Required action → The answer must consist only of the lines in the records below from the line with "セーター メンズ ニット" to the line with "keeping regular business", both included, copied word for word with every picture left out.

[Items listed in a dataset]
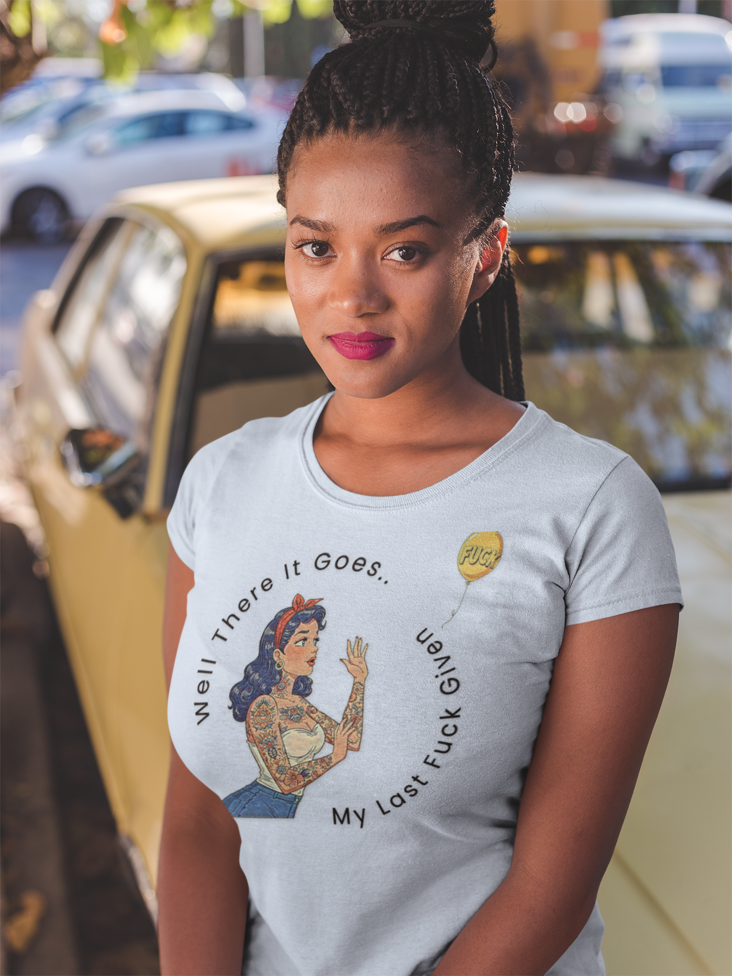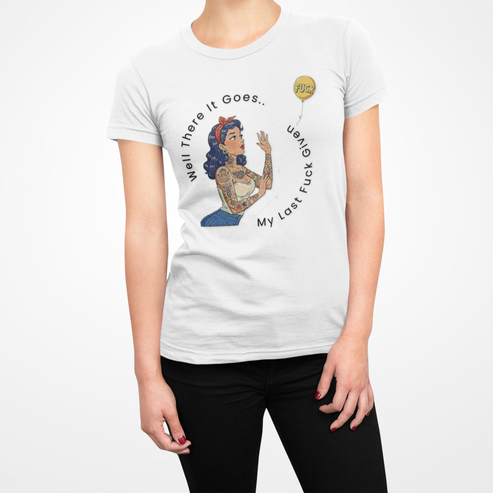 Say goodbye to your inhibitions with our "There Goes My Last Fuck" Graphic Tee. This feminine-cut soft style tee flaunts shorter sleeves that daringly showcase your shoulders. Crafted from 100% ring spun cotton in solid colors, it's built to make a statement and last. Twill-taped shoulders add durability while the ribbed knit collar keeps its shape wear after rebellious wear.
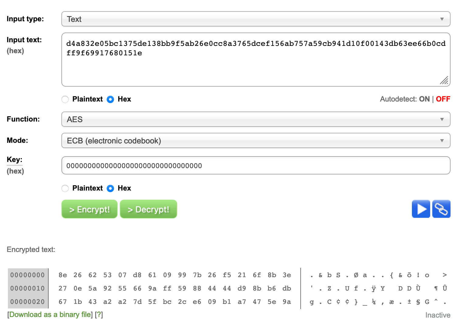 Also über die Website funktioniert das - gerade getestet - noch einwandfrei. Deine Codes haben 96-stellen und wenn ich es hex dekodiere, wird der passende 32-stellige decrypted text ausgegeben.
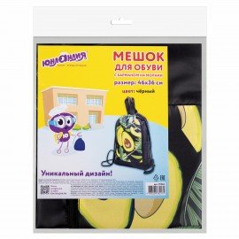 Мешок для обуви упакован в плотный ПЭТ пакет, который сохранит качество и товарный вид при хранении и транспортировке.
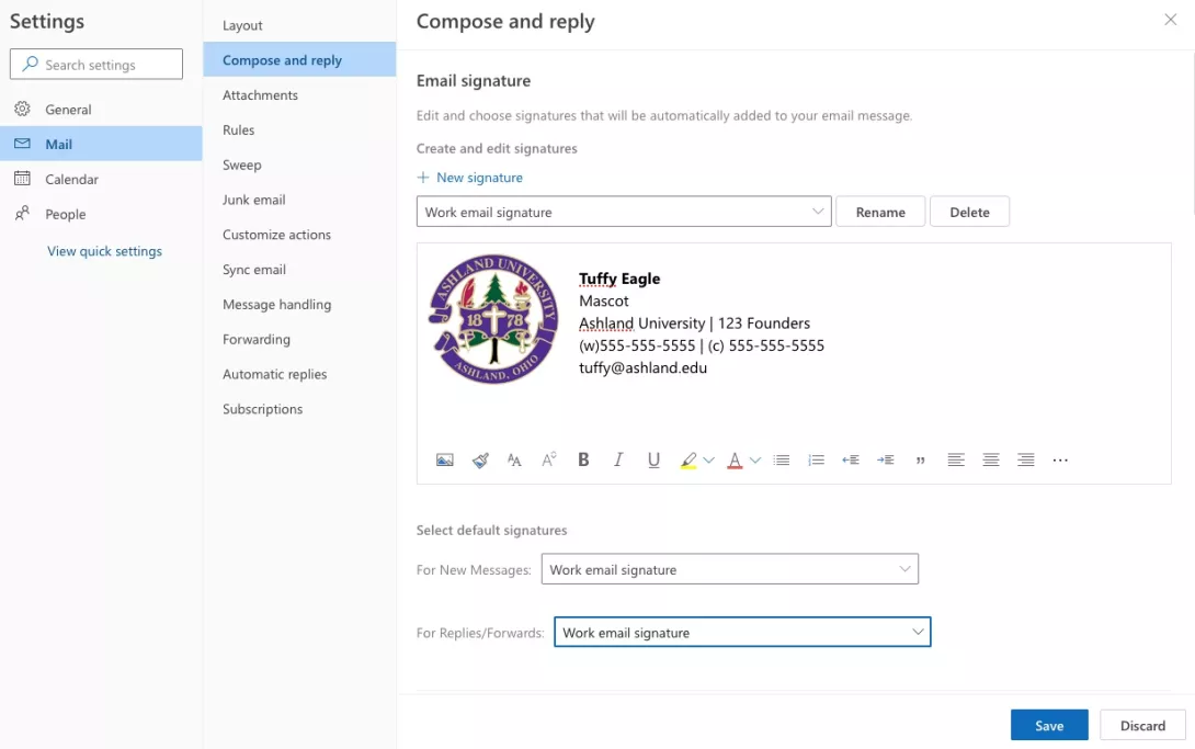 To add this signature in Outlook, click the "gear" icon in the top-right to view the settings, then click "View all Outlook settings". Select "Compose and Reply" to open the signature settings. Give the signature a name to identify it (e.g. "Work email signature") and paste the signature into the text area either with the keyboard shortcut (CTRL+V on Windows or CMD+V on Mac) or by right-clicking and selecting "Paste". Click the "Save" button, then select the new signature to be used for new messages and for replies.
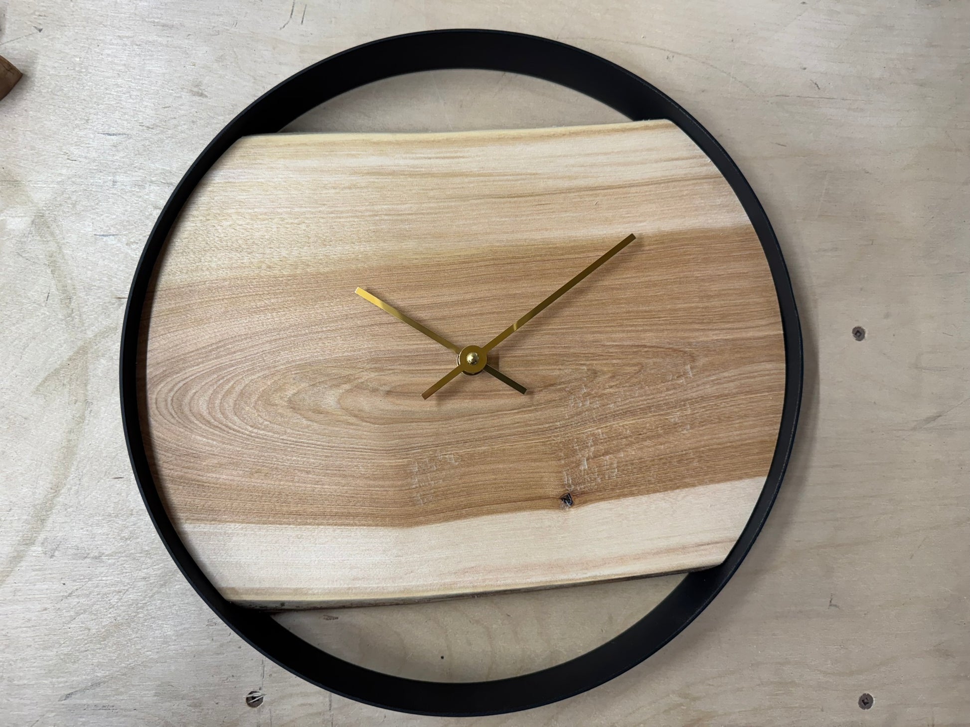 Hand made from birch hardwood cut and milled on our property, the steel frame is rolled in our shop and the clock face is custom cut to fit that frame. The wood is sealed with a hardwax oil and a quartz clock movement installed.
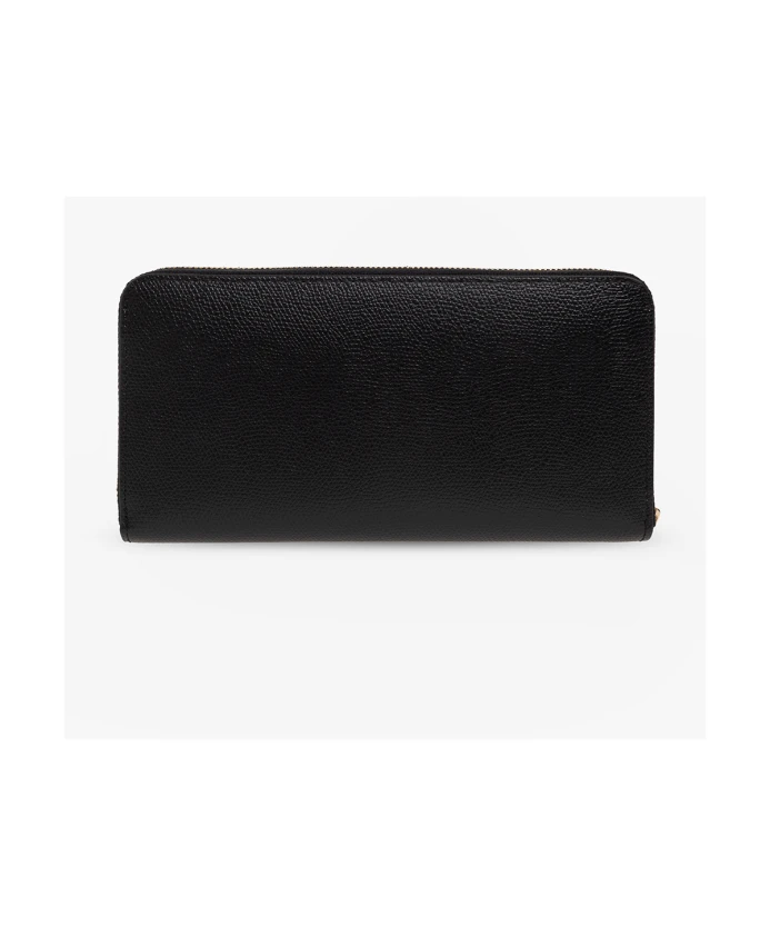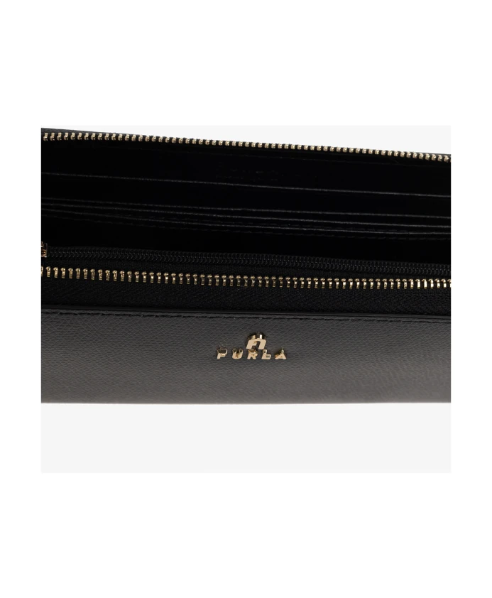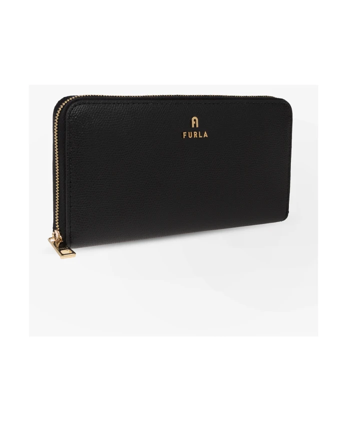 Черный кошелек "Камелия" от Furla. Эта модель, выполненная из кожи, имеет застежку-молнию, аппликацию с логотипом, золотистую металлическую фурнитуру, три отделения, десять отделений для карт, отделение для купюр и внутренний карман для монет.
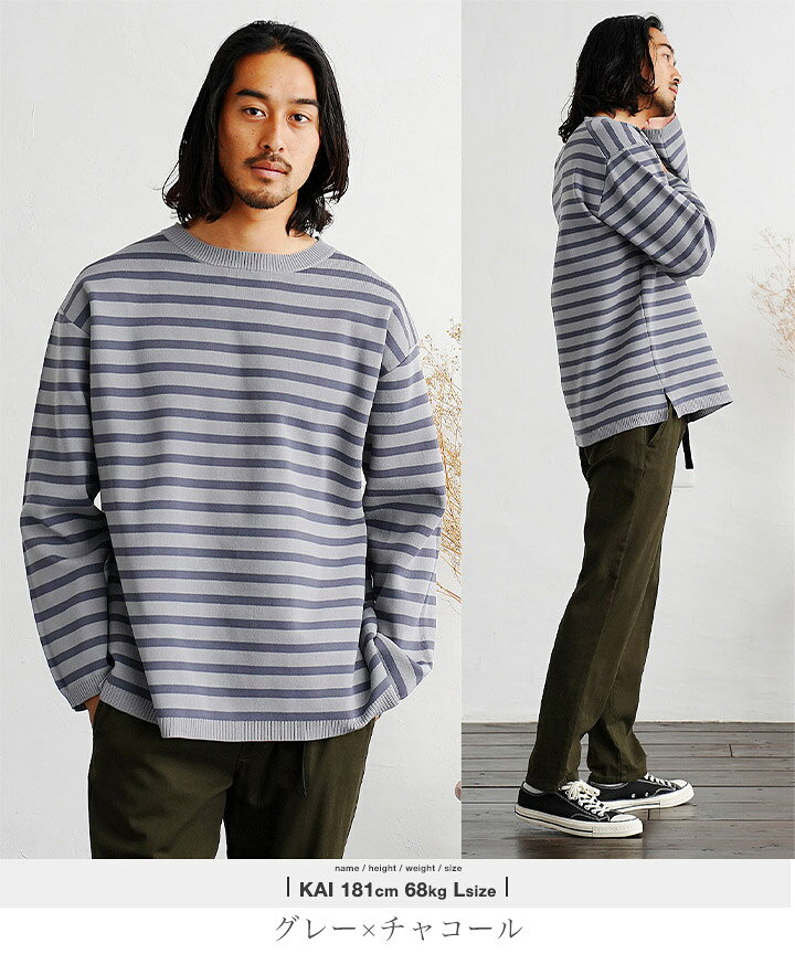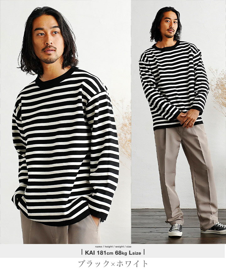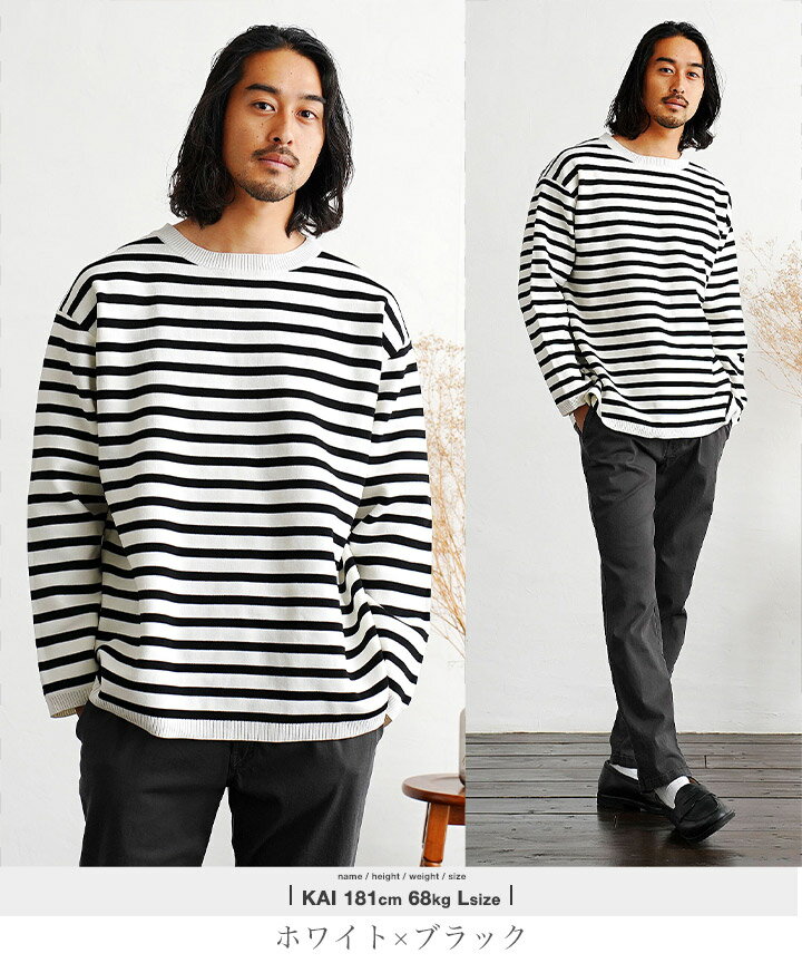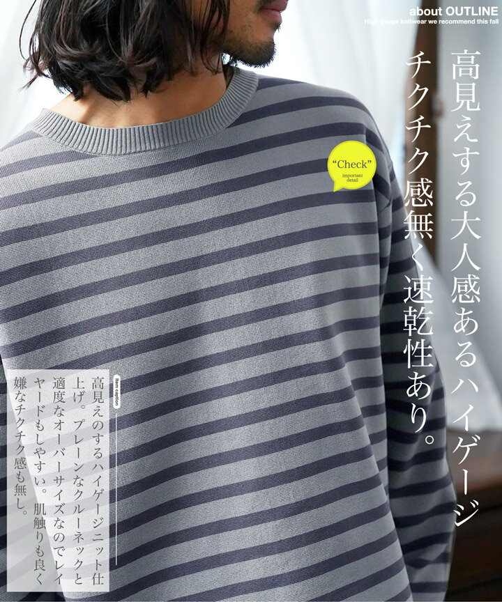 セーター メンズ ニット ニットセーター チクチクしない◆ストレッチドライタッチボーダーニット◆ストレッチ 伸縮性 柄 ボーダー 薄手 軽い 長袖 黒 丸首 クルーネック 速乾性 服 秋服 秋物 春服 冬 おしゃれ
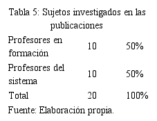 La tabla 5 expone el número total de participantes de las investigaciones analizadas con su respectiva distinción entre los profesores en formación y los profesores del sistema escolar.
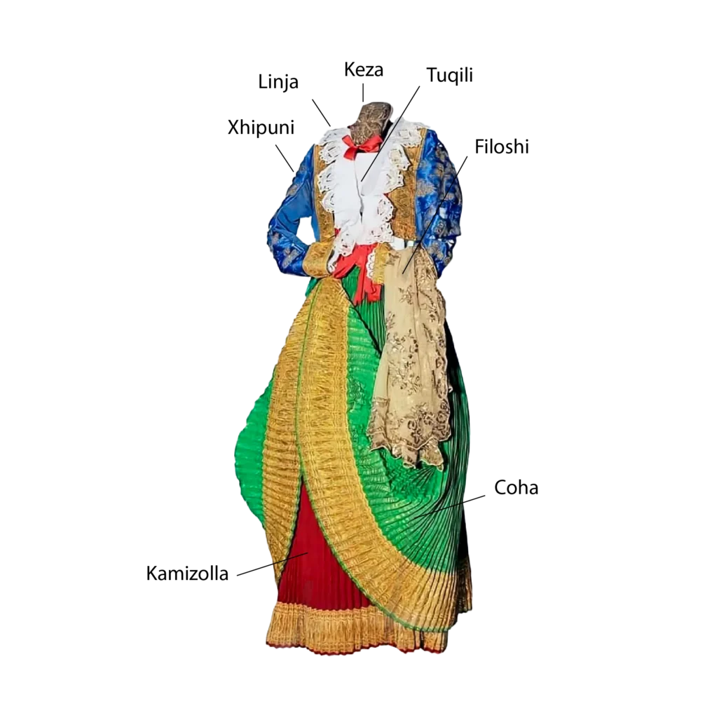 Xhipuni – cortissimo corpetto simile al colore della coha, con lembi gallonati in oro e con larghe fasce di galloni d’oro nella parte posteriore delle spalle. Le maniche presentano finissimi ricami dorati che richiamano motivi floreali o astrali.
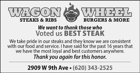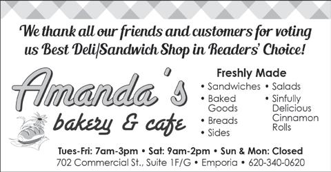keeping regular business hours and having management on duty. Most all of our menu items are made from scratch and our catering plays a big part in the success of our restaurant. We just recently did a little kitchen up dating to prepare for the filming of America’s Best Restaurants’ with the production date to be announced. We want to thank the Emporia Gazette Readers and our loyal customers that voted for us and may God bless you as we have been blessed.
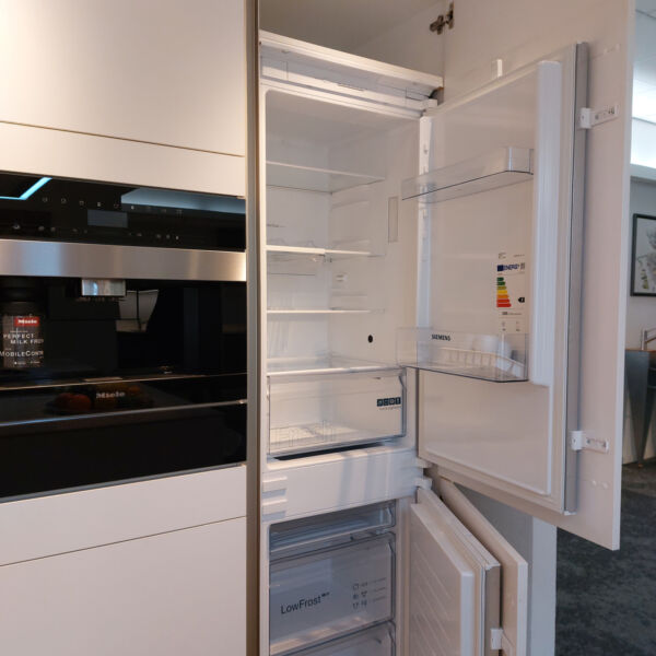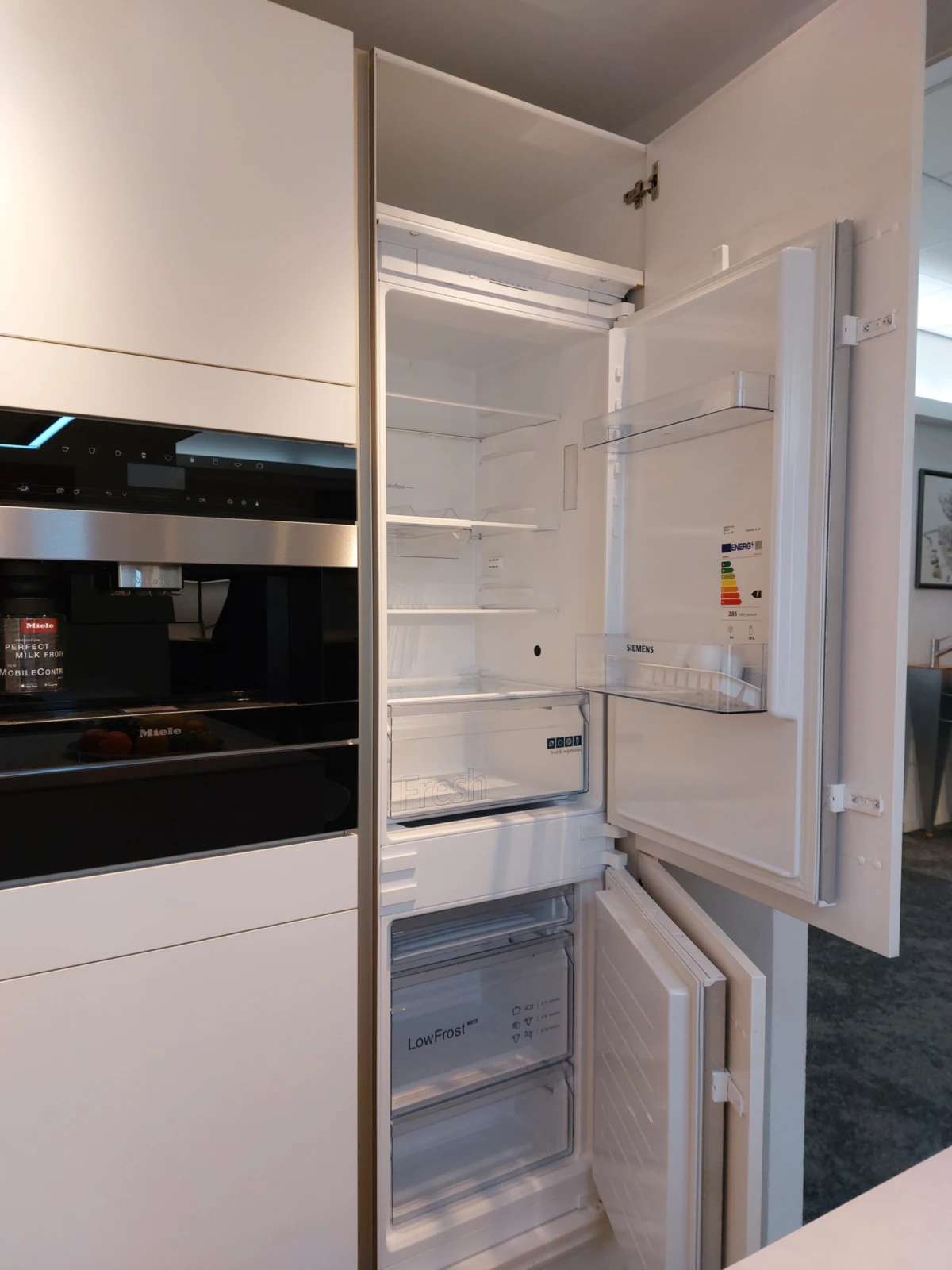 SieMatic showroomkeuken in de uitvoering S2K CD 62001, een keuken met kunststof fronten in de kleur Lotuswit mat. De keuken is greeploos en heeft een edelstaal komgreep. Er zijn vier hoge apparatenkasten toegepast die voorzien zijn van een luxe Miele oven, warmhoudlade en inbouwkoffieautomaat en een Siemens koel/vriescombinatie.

Response box →
 セーター メンズ ニット ニットセーター チクチクしない◆ストレッチドライタッチボーダーニット◆ストレッチ 伸縮性 柄 ボーダー 薄手 軽い 長袖 黒 丸首 クルーネック 速乾性 服 秋服 秋物 春服 冬 おしゃれ
 La tabla 5 expone el número total de participantes de las investigaciones analizadas con su respectiva distinción entre los profesores en formación y los profesores del sistema escolar.
 Xhipuni – cortissimo corpetto simile al colore della coha, con lembi gallonati in oro e con larghe fasce di galloni d’oro nella parte posteriore delle spalle. Le maniche presentano finissimi ricami dorati che richiamano motivi floreali o astrali.
keeping regular business hours and having management on duty. Most all of our menu items are made from scratch and our catering plays a big part in the success of our restaurant. We just recently did a little kitchen up dating to prepare for the filming of America’s Best Restaurants’ with the production date to be announced. We want to thank the Emporia Gazette Readers and our loyal customers that voted for us and may God bless you as we have been blessed.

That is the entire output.